Aim of the task ▸ From the line containing "For now we just" through the last line of the records below, each line is to be repeated exactly; pictures are to be omitted.

Dataset ▸
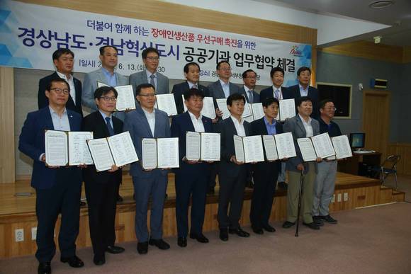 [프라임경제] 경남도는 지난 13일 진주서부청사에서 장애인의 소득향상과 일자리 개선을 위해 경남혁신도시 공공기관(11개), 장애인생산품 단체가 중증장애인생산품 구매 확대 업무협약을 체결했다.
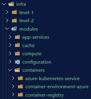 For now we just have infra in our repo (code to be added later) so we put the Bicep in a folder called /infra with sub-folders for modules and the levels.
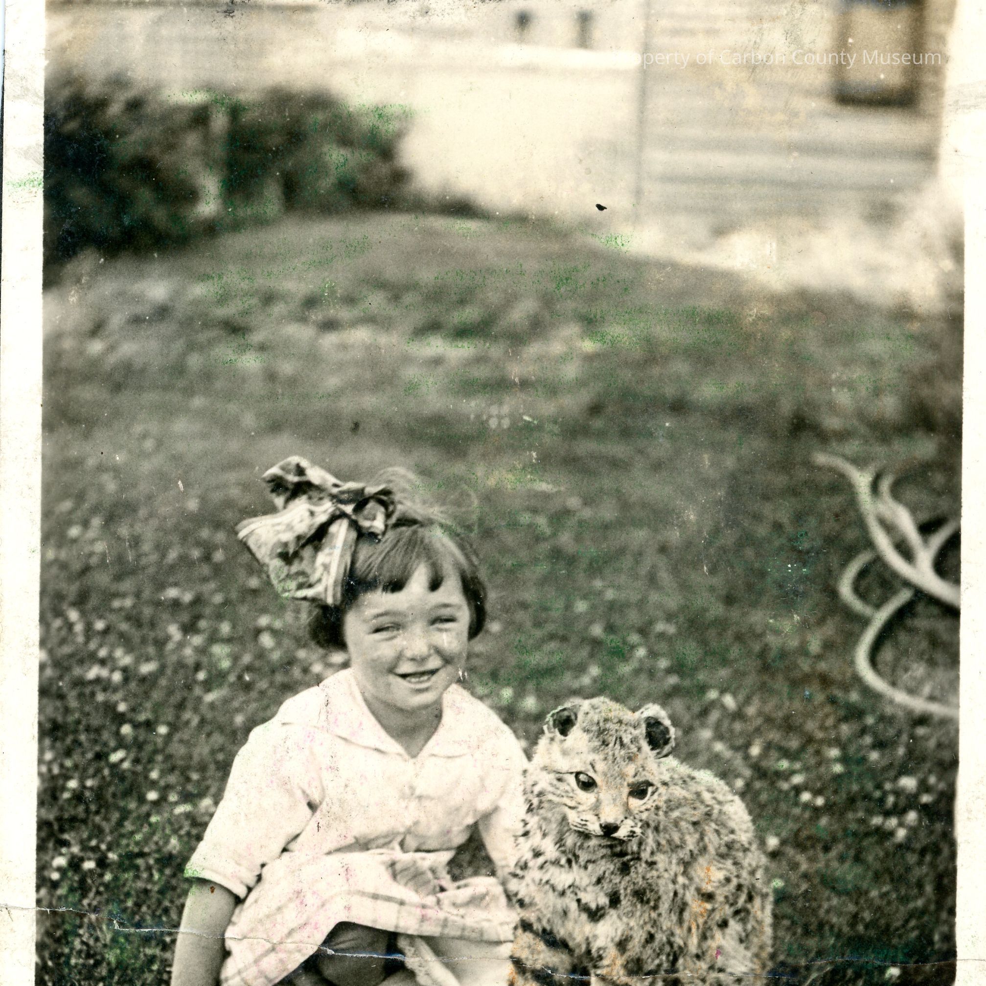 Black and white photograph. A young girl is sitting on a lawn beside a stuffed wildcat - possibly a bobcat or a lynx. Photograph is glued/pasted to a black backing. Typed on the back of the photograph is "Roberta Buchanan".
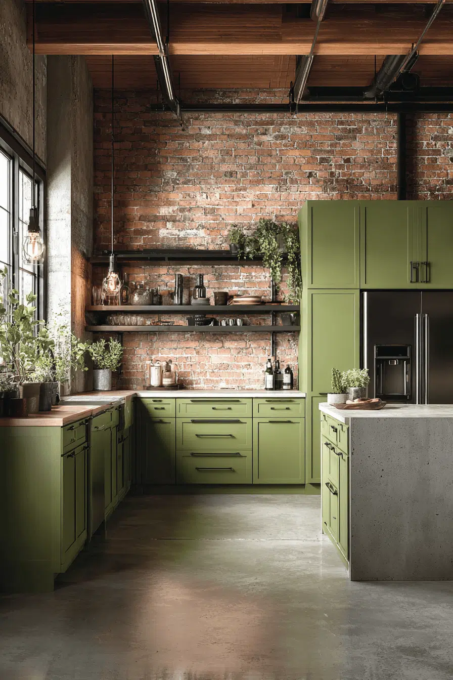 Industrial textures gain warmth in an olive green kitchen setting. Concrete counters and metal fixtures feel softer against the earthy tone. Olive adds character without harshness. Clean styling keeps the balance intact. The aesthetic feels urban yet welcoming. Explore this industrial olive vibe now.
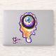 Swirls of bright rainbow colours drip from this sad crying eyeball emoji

Your response ▸
 For now we just have infra in our repo (code to be added later) so we put the Bicep in a folder called /infra with sub-folders for modules and the levels.
 Black and white photograph. A young girl is sitting on a lawn beside a stuffed wildcat - possibly a bobcat or a lynx. Photograph is glued/pasted to a black backing. Typed on the back of the photograph is "Roberta Buchanan".
 Industrial textures gain warmth in an olive green kitchen setting. Concrete counters and metal fixtures feel softer against the earthy tone. Olive adds character without harshness. Clean styling keeps the balance intact. The aesthetic feels urban yet welcoming. Explore this industrial olive vibe now.
 Swirls of bright rainbow colours drip from this sad crying eyeball emoji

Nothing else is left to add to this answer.